You can edit any field on this form later via the same detail page. The only one that's effectively immutable is the eID itself (it's the primary key).

Validation cheatsheet

The form uses Zod with translated error messages. The non-obvious limits:

  • Title must be 1–50 characters.
  • Description ≤ 100 characters; Prerequisites ≤ 300.
  • Reward must be ≥ 0; you can use decimals (e.g., 5.50).
  • Image URL must be a valid http(s):// URL or empty.
  • Room Capacity must be an integer ≥ 1.
  • Max Sessions must be an integer ≥ 0 (0 = unlimited).
  • Allowed Platforms must have at least one selection.
  • Consent Form Contact is required; Consent Form Content ≤ 1000 characters.
  • Per-section consent text fields each have their own caps (300, 400, 500, 1000 — see the table above).

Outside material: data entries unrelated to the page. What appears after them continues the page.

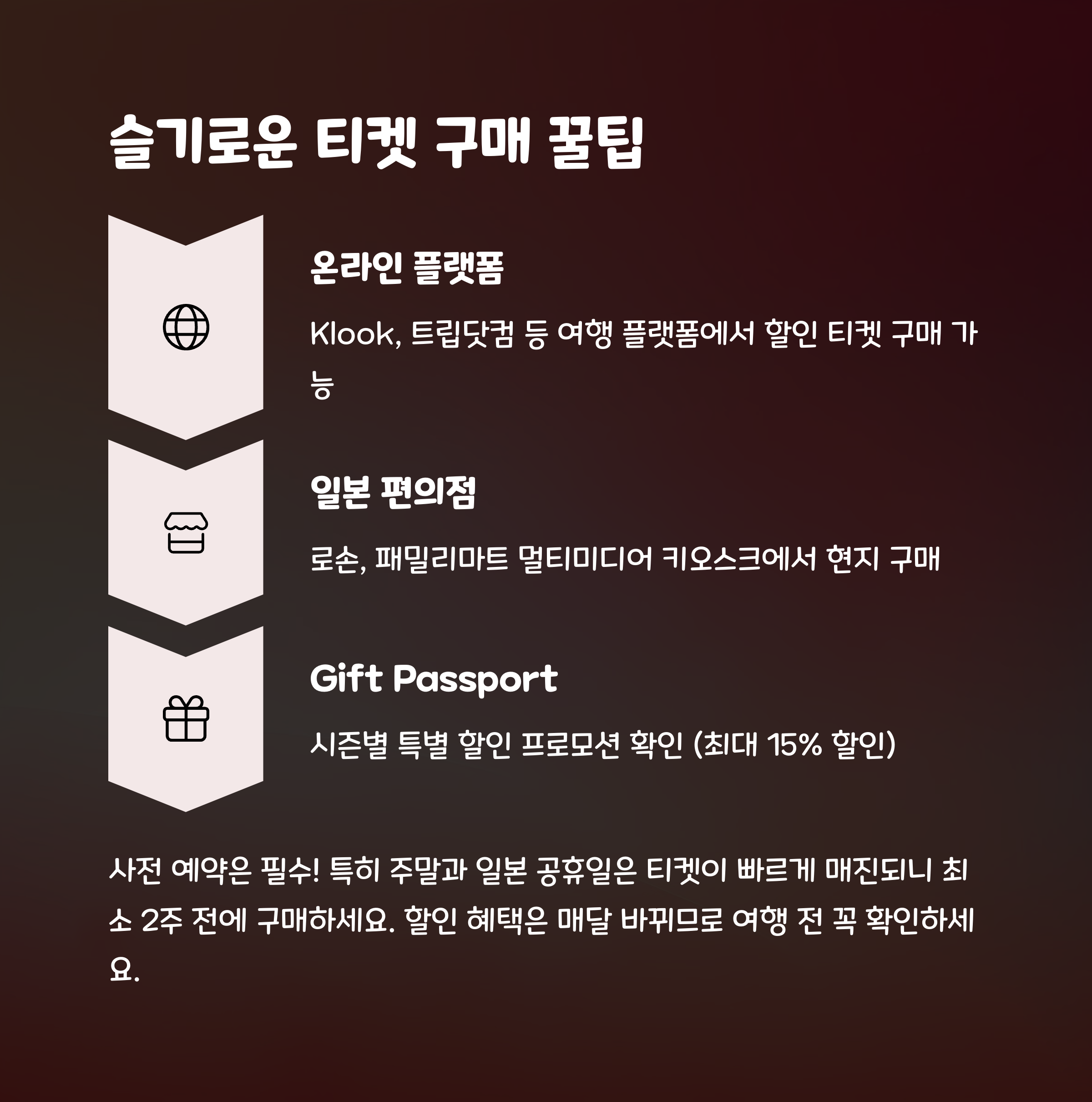 할인 티켓을 구매하려면 인증된 플랫폼을 활용하는 것이 중요합니다. 예를 들어 Klook 같은 사이트에서는 해외 신용카드 결제가 용이하며, QR 코드로 간편하게 티켓을 앱에 저장하고 사용할 수 있어 편리합니다. 일본 현지에서는 편의점(로손, 패밀리마트)에서 구매할 수 있는 장점도 있습니다. 특정 시즌에는 Gift Passport와 같은 특별 할인 혜택도 제공되므로, 디즈니랜드 공식 홈페이지와 할인 제휴사의 정보를 수시로 확인하는 것이 좋습니다.
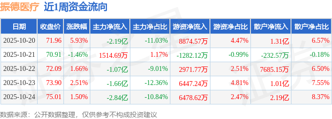 资金流向数据方面,本周振德医疗主力资金合计净流出7.6亿元,游资资金合计净流入2.35亿元,散户资金合计净流入5.25亿元。本周资金流向一览见下表:
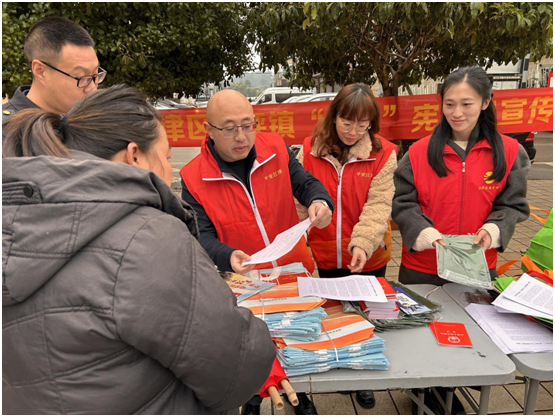 支坪镇开展“12·4”国家宪法宣传日宣传活动,平安法治岗、应急岗、司法所、津坪社区联合开展宣传工作。
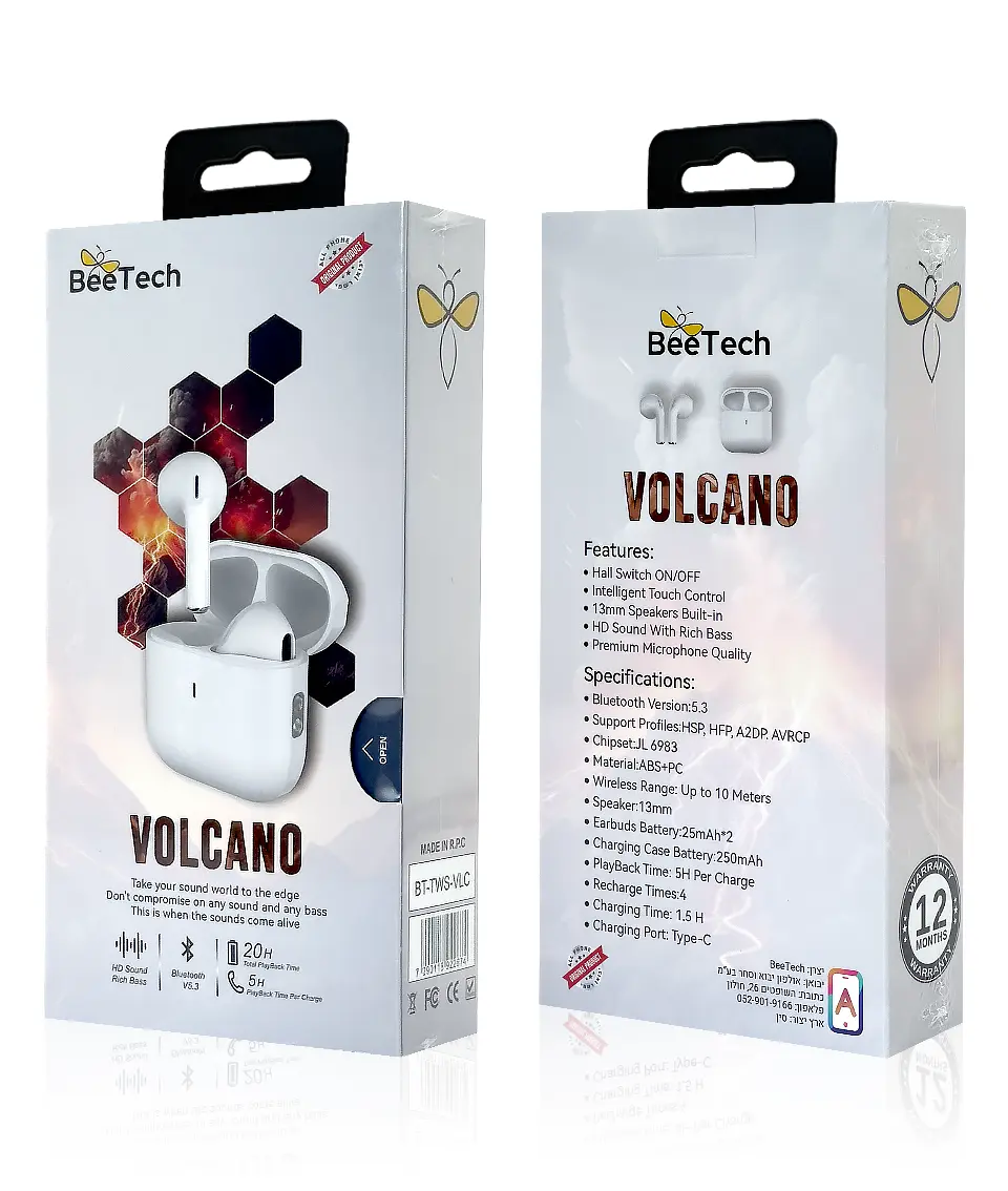 באנדל 6 אוזניות TWS דגם Volcano מבית BeeTech
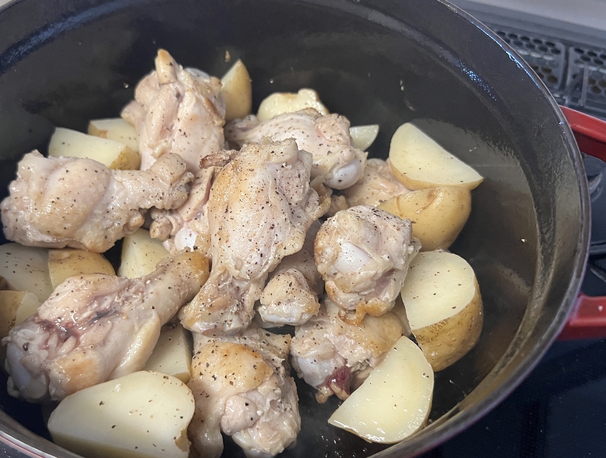 - ストウブで煮たじゃがいもはホクホクで、鶏肉はホロホロ。無水鍋すごい!
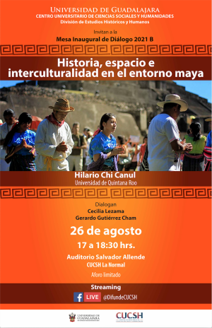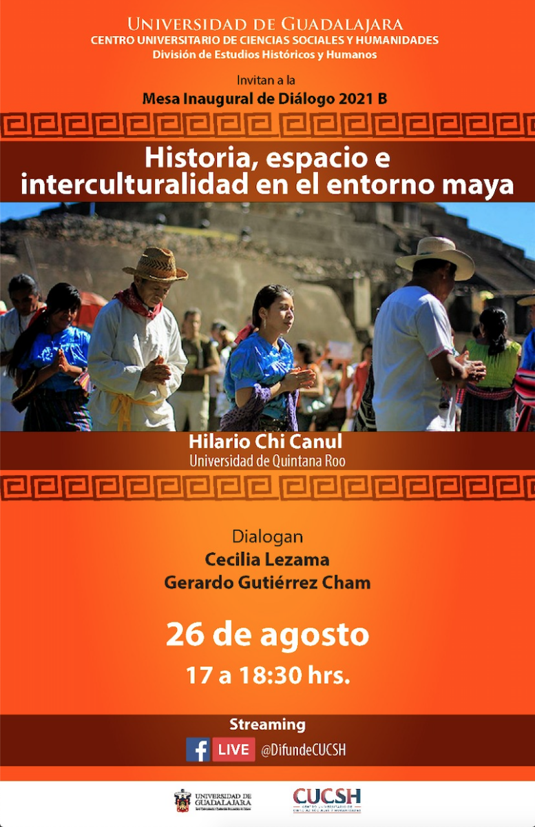 División de Estudios Históricos y Humanos del CUCSH, invita a la Mesa Inaugural de Diálogo 2021-B “Historia, espacio e interculturalidad en el entorno maya”. Jueves de 26 agosto 2021. 17:00 horas. Transmisión en vivo por https://www.facebook.com/DifundeCUCSH #ComunidadCUCSH

If validation fails, the form shows red error text under each offending field plus a red banner above the submit button.

Common pitfalls

  • Copy-pasted World ID with whitespace. Cluster world IDs are short alphanumeric strings; trailing spaces from copy-paste break the recruitment deep-link. Trim before pasting.
  • Image URL pointing at a local file. file:///... and relative paths fail validation. Host the image somewhere public.
  • Default Japanese consent text shipped to an English-speaking IRB. The form's pre-filled boilerplate is in Japanese. Replace before publishing if your study is for non-Japanese-speaking participants.
  • Setting Status to PUBLISHED before the world is uploaded. Participants will get a broken Recruitment World link. Upload the world first, paste the World ID, then publish.